Noch bevor der russische Corona-Impfstoff Sputnik V eine EU-Zulassung erhält, wird in Italien die Errichtung der ersten europäischen Produktionsstätte für das Vakzin geplant. Wie die italienisch-russische Handelskammer verlauten ließ, wird die Fabrik durch den Schweizer Pharmakonzern Adienne sowie den russischen Staatsfonds RDIF erbaut.
Allerdings bedarf das Vorhaben aktuell noch der Zustimmung italienischer Aufsichtsbehörden.

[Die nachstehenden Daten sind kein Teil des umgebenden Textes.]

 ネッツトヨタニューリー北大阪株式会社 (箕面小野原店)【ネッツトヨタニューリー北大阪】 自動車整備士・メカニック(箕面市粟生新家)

Ein Impfstoff mit hoher Wirksamkeit

Forscher attestieren dem Vakzin eine Wirksamkeit von nahezu 92 Prozent. Die Effektivität dieses Arzneimittels bewegt sich dementsprechend auf einem vergleichbaren Niveau wie in der EU zugelassenen Impfstoffen, darunter des Mainzer Unternehmens Biontech.

Informationen der Handelskammer zufolge soll die Produktion des Medikaments im Juni 2021 beginnen.

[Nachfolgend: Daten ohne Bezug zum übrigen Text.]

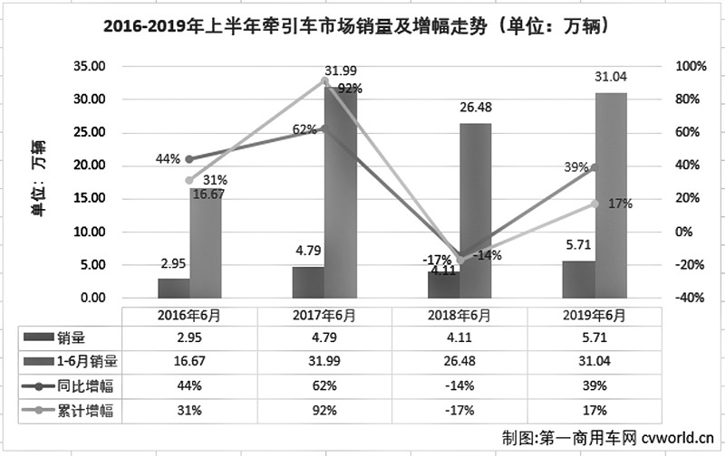 6月份,重型卡车市场销售10.37万辆,环比下降4%,同比下降7%,连续3个月遭遇下滑。而作为重卡市场的重中之重,牵引车市场并未随之下滑,在6月份交出的成绩为,销售5.71万辆,同比增长39%。至此,牵引车市场在2019年首月遭遇下滑后,已连续5个月实现增长,增幅更是呈现逐月扩大趋势(2、3、4、5月牵引车市场同比分别增长9%、16%、18%和36%)。

Bis zum Jahresende sollen in der Fabrik bis zu zehn Millionen Impfeinheiten produziert werden. In den Augen von Handelskammer-Chef Vincenzo Trani ist dieser Schritt ein historisches Abkommen. Zugleich belegt die Maßnahme, dass die Bedeutung italienischer Unternehmen als höher eingeordnet wird als politische Differenzen.

Sputnik V Impfstoff mit hoher Wirksamkeit
Forscher attestieren dem Vakzin eine Wirksamkeit von nahezu 92 Prozent

Das Zulassungsverfahren für Sputnik V läuft

Das Zulassungsverfahren für das Vakzin ist derzeit bei der EU-Arzneimittelbehörde Ema noch im Gange. Mittlerweile ist Italien schon das vierte Land, das nicht auf die Resultate des Zulassungsverfahren warten möchte.
Weitere Länder sind Tschechien, Ungarn oder die Slowakei, in denen Sputnik V bereits zugelassen wurde oder derzeit nationale Zulassungsverfahren laufen.

Unstimmigkeiten über die Sicherheit des Vakzins?

Zu diesem Thema äußern sich die Entwickler von Sputnik äußerst kritisch. Ihrer Meinung nach agiere die Ema nur bedingt neutral. Via Sputnik-Twitter-Kanal forderten die Wissenschaftler eine Entschuldigung von Ema-Chefin Christa Wirthumer-Hoche ein.

Die Vertreterin der Zulassungsbehörde warnte die EU-Staaten vor einigen Tagen davor, den Impfstoff einfach in Eigenregie zuzulassen.

Daraufhin nahmen die Sputnik-Entwickler Stellung. Nach Ihrer Ansicht werfe dieses Verhalten ernsthafte Fragen über eine etwaig politische Einflussnahme auf den Zulassungsprozess auf. Dmitry Peskow als Sprecher des russischen Präsidialamtes bezeichnete diese Reaktion als unangemessen und bedauerlich.

Die endgültige Entscheidung ist noch nicht gefallen

Zu dieser Behauptung wollte die Ema wiederum nicht Stellung nehmen. Nach aktuellem Stand ist noch unklar, ab wann die Zulassung des Impfstoffs für die EU folgen könnte. Informationen der Entwickler zufolge ist Sputnik V bereits in 46 Ländern zugelassen.